Wednesday, February 03, 2010

Snowbound with Patience

The first time I ever drove a car was in the snow. It was my parents' philosophy that good snow drivers are created by early exposure to snowy conditions, so one snowy Sunday morning, my dad took me to the unplowed parking lot at the mall and let me get my snow legs. (Wheels?) I nearly crashed into a stop sign, but that was the only time I ever lost control of a car in the snow. And since I grew up in Buffalo, where the video posted above illustrates the sort of conditions we dealt with, I feel entitled to call myself an experienced snow driver. And we never had four wheel drive, or anti-lock breaks. We didn't even have front wheel drive.

This year we're having a pretty snowy winter in Virginia. It's starting to feel like The Long Winter from the Little House series. And we're supposed to get possibly three-to-four more feet of snow this weekend, plus another storm on Tuesday. I see plenty of people here who drive capably in the snow, but I see plenty of others who clearly should not be on the road. I though I'd post a few pointers about snow driving.
  • Speed: Some people make the mistake of driving as slowly as possible, thinking that is safer. Actually, crawling along at 2mph will just get you stuck, along with everyone else who is behind you. You don't want to drive so fast that you're reckless, either, but you need some momentum or you'll never get up the hills. A good rule of thumb is to go about 5-10 mph less than the speed limit, but speed up if you're going up a hill.
  • DON'T STOP when you're going up a hill.
  • Your brakes can be your worst enemy. Use them sparingly. Obviously, you do need to stop sometimes. The key is to anticipate when you will need to stop and take your foot off the gas and coast so the loss of momentum will reduce your need for the brakes. And when you do press the brake pedal, do it gently.
  • Leave extra space--a lot of extra space-- between yourself and the car in front of you. This will allow you to defend yourself if that person loses control of his car. It allows you to create extra momentum for yourself if the driver in front of you is the crawl-up-the-hill type, and prevents you from having to make sudden stops.
  • You don't want to make any sudden motions. Never slam on the brakes. If you're approaching a curve or need to turn, coast to it, don't brake for it.

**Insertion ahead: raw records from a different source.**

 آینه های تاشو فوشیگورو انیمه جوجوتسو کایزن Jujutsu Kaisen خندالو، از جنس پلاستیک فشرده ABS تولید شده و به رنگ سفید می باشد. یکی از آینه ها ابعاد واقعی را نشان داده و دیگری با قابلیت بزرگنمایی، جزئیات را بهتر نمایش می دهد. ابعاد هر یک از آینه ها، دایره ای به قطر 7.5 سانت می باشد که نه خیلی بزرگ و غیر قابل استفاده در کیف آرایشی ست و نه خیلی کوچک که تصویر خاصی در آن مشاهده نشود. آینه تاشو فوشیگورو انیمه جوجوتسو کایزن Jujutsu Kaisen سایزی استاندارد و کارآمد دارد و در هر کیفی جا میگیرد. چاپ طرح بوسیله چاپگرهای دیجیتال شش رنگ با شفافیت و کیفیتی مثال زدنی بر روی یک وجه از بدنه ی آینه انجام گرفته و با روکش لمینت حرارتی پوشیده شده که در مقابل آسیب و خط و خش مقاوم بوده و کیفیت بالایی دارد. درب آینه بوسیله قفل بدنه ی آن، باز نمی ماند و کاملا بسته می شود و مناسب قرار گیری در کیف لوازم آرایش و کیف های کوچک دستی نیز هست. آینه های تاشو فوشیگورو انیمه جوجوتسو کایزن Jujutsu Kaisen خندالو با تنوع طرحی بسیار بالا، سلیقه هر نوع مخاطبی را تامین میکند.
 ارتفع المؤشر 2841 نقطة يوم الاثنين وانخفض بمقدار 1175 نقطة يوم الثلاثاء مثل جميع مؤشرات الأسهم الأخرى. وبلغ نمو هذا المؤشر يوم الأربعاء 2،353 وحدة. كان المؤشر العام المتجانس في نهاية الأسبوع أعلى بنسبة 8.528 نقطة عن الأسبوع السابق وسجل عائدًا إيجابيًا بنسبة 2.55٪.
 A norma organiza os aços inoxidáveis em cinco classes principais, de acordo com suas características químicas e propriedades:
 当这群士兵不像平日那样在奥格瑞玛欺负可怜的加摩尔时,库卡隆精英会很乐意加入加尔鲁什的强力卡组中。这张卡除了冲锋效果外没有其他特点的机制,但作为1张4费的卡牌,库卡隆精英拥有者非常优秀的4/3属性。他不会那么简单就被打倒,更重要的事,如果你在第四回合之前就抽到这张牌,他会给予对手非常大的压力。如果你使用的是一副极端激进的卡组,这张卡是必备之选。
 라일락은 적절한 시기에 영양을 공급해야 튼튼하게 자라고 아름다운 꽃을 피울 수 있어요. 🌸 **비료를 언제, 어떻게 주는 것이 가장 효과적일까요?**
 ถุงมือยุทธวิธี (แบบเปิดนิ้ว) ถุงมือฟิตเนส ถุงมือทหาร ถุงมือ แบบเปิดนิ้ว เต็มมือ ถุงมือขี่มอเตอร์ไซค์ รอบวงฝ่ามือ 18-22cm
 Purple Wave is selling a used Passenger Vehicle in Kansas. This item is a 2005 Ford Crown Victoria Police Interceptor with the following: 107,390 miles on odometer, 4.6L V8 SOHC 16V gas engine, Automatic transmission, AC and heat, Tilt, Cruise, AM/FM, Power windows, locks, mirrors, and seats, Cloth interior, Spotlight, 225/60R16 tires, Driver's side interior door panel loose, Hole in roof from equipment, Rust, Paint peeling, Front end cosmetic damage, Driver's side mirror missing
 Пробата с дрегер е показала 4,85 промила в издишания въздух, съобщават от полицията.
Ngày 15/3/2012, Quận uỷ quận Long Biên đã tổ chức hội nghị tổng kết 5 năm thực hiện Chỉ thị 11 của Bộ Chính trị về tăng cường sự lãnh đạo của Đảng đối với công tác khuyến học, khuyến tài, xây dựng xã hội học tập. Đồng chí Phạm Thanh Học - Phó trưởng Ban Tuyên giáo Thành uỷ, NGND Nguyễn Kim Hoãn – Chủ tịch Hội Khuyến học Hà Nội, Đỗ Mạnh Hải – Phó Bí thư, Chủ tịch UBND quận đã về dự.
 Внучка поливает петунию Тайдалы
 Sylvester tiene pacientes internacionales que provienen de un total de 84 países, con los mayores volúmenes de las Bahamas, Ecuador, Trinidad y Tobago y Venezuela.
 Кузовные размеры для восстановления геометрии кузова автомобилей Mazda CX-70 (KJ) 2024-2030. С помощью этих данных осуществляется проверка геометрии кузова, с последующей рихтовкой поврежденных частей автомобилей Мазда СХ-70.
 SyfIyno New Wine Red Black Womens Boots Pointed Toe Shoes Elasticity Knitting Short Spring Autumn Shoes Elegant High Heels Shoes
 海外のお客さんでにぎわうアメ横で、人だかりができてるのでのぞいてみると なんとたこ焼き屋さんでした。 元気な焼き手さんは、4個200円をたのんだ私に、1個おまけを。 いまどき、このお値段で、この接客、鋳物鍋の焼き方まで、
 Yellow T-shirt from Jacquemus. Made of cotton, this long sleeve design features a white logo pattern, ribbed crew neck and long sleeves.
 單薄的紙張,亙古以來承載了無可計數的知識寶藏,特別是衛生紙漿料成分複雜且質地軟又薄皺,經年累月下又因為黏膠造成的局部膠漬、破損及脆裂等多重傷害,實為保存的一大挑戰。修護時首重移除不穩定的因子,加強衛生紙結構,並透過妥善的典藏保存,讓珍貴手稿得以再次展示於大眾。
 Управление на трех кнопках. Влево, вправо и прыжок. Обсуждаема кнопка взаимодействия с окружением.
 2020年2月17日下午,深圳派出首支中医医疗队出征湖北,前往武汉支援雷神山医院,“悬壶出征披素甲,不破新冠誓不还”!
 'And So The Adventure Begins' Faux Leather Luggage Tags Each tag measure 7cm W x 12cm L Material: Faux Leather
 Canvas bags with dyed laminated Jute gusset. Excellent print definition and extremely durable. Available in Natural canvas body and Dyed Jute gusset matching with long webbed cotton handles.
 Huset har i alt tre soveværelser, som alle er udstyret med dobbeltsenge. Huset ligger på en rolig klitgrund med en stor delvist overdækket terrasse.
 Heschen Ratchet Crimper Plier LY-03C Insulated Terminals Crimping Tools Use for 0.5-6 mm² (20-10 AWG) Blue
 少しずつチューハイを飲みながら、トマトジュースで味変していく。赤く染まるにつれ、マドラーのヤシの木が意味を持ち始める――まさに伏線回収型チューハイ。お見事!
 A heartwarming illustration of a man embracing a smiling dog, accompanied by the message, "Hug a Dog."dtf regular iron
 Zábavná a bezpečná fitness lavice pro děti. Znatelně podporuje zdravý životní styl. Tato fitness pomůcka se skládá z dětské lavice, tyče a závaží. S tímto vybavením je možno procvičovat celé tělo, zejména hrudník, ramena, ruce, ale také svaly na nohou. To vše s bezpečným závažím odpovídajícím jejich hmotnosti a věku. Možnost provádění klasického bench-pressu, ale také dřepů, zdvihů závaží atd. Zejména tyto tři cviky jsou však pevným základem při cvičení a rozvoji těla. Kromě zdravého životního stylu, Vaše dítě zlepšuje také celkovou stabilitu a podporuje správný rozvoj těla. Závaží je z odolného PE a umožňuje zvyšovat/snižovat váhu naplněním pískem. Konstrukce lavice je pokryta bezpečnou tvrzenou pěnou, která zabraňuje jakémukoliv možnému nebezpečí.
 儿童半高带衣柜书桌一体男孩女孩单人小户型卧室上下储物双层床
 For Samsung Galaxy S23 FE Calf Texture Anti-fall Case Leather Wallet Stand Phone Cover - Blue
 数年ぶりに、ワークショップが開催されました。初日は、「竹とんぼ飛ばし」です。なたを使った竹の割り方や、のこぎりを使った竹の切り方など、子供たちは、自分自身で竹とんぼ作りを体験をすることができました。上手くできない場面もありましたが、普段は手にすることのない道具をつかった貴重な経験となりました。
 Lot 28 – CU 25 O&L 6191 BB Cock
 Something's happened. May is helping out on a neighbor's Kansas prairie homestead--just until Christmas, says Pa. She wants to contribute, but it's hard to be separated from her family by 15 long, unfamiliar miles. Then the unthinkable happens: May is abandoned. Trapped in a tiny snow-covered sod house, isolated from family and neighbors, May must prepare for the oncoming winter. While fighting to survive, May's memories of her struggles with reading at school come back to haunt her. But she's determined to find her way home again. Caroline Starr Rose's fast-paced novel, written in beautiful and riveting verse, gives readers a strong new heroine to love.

Then accelerate when you're about halfway into the turn.
  • Pay attention. Especially pay attention to traffic lights. Don't approach a stale green light going full speed, or you will end up having to chose between running a red light or stopping suddenly and losing control of your car.
  • Pack a shovel in your car.
  • Don't be one of those assholes who think that because they have four wheel drive, they can drive recklessly.


  1. Having lived my entire life in the South, I assume that I am not a good snow driver and therefore just stay at home until the roads are clear.

    That slideshow is incredible.

  2. I wish I had read this before I drove in the snow the first time. That was during my brief stint in New Jersey. I slammed on the brakes and did a 180 in the middle of a four lane road. Luckily for me, no one else was on the road at that exact moment. If you know anything about New Jersey roads, that was a minor miracle.

  3. So funny! I just re-read The Long Winter a couple weeks ago. I've been practicing my hay knots! I wish I had more experience driving in the snow but can totally get you through the tide's on the beach. Snow driving for us was chains on our way to Tahoe for a ski trip. Not the same.

  4. That is a crazy video--I never knew about that!
    I agree--slow down, but don't crawl, be smart. I have found front wheel drive to be better than 4 wheel drive in snow, actually. And a shovel is your friend!

  5. Grew up in Florida. Then moved to New England in my twenties. I SO wish I had known these things before I had to drive in the snow. I still occasionally have nightmares about fishtailing along at 10mph on the interstate, in 6 inches of slush. I did make it home, though-- I'm pretty sure it was because the road was four lanes wide, and there was no other traffic, except the ghostly white mounds of stalled-out cars from earlier in the day, and a lone eighteen-wheeler, drifting along with the cab at a thirty-degree angle to the trailer, and none of the wheels turning...

  6. After our record snowfall in Oregon last year, I have had enough snow to last me, well, forever.

  7. My dad took me out to get my snow bearings at the Wmsvl. North HS parking lot when we were baking Christmas cookies as a family and the kitchen was getting overcrowded. My mom was not pleased, but my snow driving is still a strong skill. Funny though, I hate doing it now with my kids in the car because I am scared of all the incompetent or reckless drivers.
    I loved the '77 blizzard! That was a fun storm!

  8. Sarah, the blizzard of '77 was the best two weeks of my life! I was stranded at Aunt Mimi's house and Katie and I had as much fun as is possible for two eight-year old girls, including, but not limited to climbing to the tops of trees and jumping out of them into the drifts.